▶ **TASK ITEM**: Each line below must be set down exactly; omit any image you find.

▶ **DATA SEGMENT**:

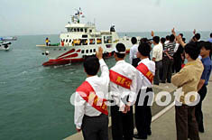湄洲媽祖金身首次直航金門巡安 創(chuàng)下多個第一 2002年05月09日 10:03 ![]() 湄洲祖廟媽祖金身于本月8日從湄洲島客運碼頭起駕,直航金門進行為期5天的巡安活動。這是50多年來媽祖金身首次以海上直航的方式出巡,也是湄洲島首次實現(xiàn)對金門的直航。圖為湄洲群眾依依不舍地向遠去的金門“太武號”船告別。鄭憲 攝
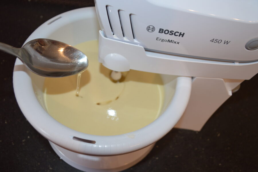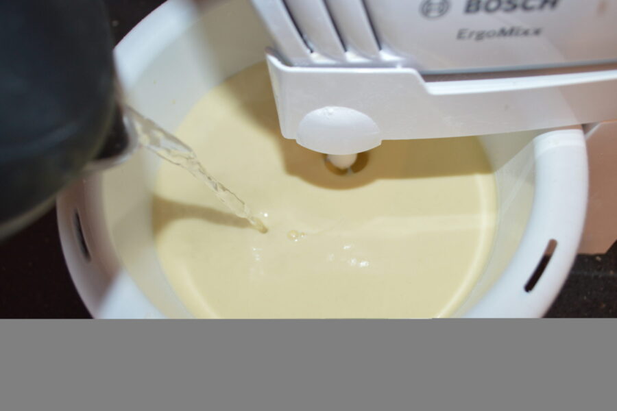 - И немного кипящей воды. Хорошо взбейте, пока не образуется консистенция, более жидкая, чем сливки.
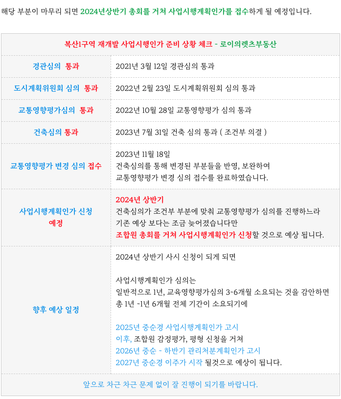 복산1구역 재개발 및 부산 전역 재개발에 대해 궁금하신점은 연락주시면 자세히 설명 드리겠습니다.
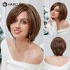 Krátké hnědé smíšené blond paruky ze směsi lidských vlasů Bob rovné paruky s ofinou Lidské vlasy tepelně odolné pro ženy

▶ **RESPONSE**:
湄洲媽祖金身首次直航金門巡安 創(chuàng)下多個第一 2002年05月09日 10:03 ![]() 湄洲祖廟媽祖金身于本月8日從湄洲島客運碼頭起駕,直航金門進行為期5天的巡安活動。這是50多年來媽祖金身首次以海上直航的方式出巡,也是湄洲島首次實現(xiàn)對金門的直航。圖為湄洲群眾依依不舍地向遠去的金門“太武號”船告別。鄭憲 攝
 - И немного кипящей воды. Хорошо взбейте, пока не образуется консистенция, более жидкая, чем сливки.
 복산1구역 재개발 및 부산 전역 재개발에 대해 궁금하신점은 연락주시면 자세히 설명 드리겠습니다.
 Krátké hnědé smíšené blond paruky ze směsi lidských vlasů Bob rovné paruky s ofinou Lidské vlasy tepelně odolné pro ženy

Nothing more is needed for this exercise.